Ce
manga-pavé de près de 600 pages relève le défi de relater la vie, à sa façon, de l'immense
Katsushika Hokusai…Enfin, ça, c'est le nom que le monde entier a retenu, sachant que ce sacré bonhomme en a changé autant de fois que de kimono dans sa très longue vie (1760-1849). le
mangaka nous donne à découvrir un personnage haut en couleurs, au caractère têtu, bien trempé, parfois assez mégalomane parce que sûr de son talent et renommé dans tout le Japon, mais il faut bien le reconnaître un bourreau de travail jusqu'à son dernier souffle.
Hokusai aura arpenté le pays dans tous les sens à la recherche de scènes comme prises sur le vif, qu'il s'agisse de l'observation de la célèbre vague mainte fois recommencée, d'un coup de vent qui décoiffe un pèlerin. Il est aussi poursuivi par quelques démons dans le grand âge qui lui font peindre des visions de monstres, avec parfois une tendance franchement érotisante, comme la fameuse femme-poulpe. C'est que notre artiste est très porté sur les femmes, mais évidemment c'est pour la bonne cause, quand il peint quelques beautés. Ce goût exacerbé est probablement en partie la cause de son impécuniosité, sa vie durant.
L'auteur me semble modeste quand il affirme ne pas avoir mis en avant l'oeuvre d'
Hokusai, car des planches entières nous les donnent à voir. Et on se réjouit de redécouvrir ses grandes séries de dessins et d'estampes, dont
Shôtarô Ishinomori nous rappelle qu'elles ont influencé les impressionnistes français. Il ne prétend pas non plus que son
manga serait le reflet exact de la vie d'
Hokusai, c'est une vision d'artiste, qu'on pourrait qualifier de « romancée » et pas d'historien.
Le trait de crayon est plutôt fin et expressif, et à aucun moment je ne me suis ennuyé durant ces 600 pages. Il faut néanmoins s'accrocher parfois pour parfaitement suivre, du fait des multiples aventures du Maître qui lui font croiser la route de nombreux personnages, mais surtout par des chapitres non organisés selon la chronologie de sa vie.
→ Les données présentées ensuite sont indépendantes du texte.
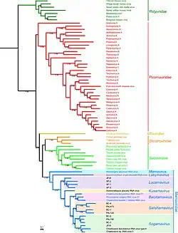 10. 1 2 3 4 5 6 Vlok M, Lang AS, Suttle CA (July 2019). "Application of a sequence-based taxonomic classification method to uncultured and unclassified marine single-stranded RNA viruses in the order Picornavirales". Virus Evolution. 5 (2) vez056. doi:10.1093/ve/vez056. PMC 6938265. PMID 31908848.
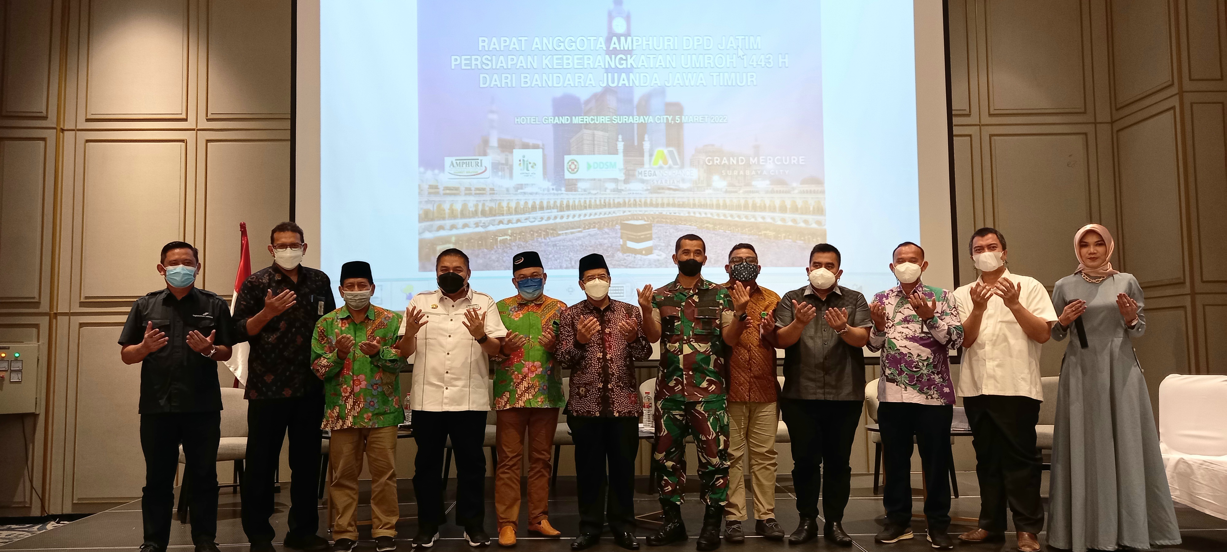 Asosiasi Muslim Penyelenggara Haji Umrah Republik Indonesia (Amphuri) DPD Jawa Timur menyambut baik langkah Pemerintah membuka Bandara Juanda untuk keberangkatan jamaah umrah.
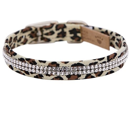 This collar is made from genuine upholstery grade Ultrasuede® fabric that we import from Japan. This soft, comfortable fabric is breathable, washable and colorfast. For the crystal, we use Swarovski Crystallized Components exclusively. As an assurance to both you and your customer, each item comes with an Ultrasuede® tag and a Made with CRYSTALIZED – Swarovski Elements hang tag that displays our registration number.

Ainsi, au cours des neuf chapitres, nous découvrons successivement le vieux fou de dessin (à 42 ans),
Hokusai, dit Taito (56 ans),
Hokusaimanga (53 ans), les cinquante-trois étapes du Tôkaidô (50 ans), Mon ami
Hokusai (50 ans), Honjo Warigesui (85 ans), Les trente-six vues du mont Fuji (67 ans),
Manji (74 ans), Miroir de la Chine et du Japon (80 ans).
Après avoir vu le film
Hokusai, sorti en France en ce printemps 2023 (5 ans après sa sortie au Japon !), ma préférence va nettement à ce
manga, que je recommande chaudement, avec un personnage bien plus attachant par ses qualités et défauts, le film étant bien trop elliptique sur des pans entiers de la vie de ce monstre sacré.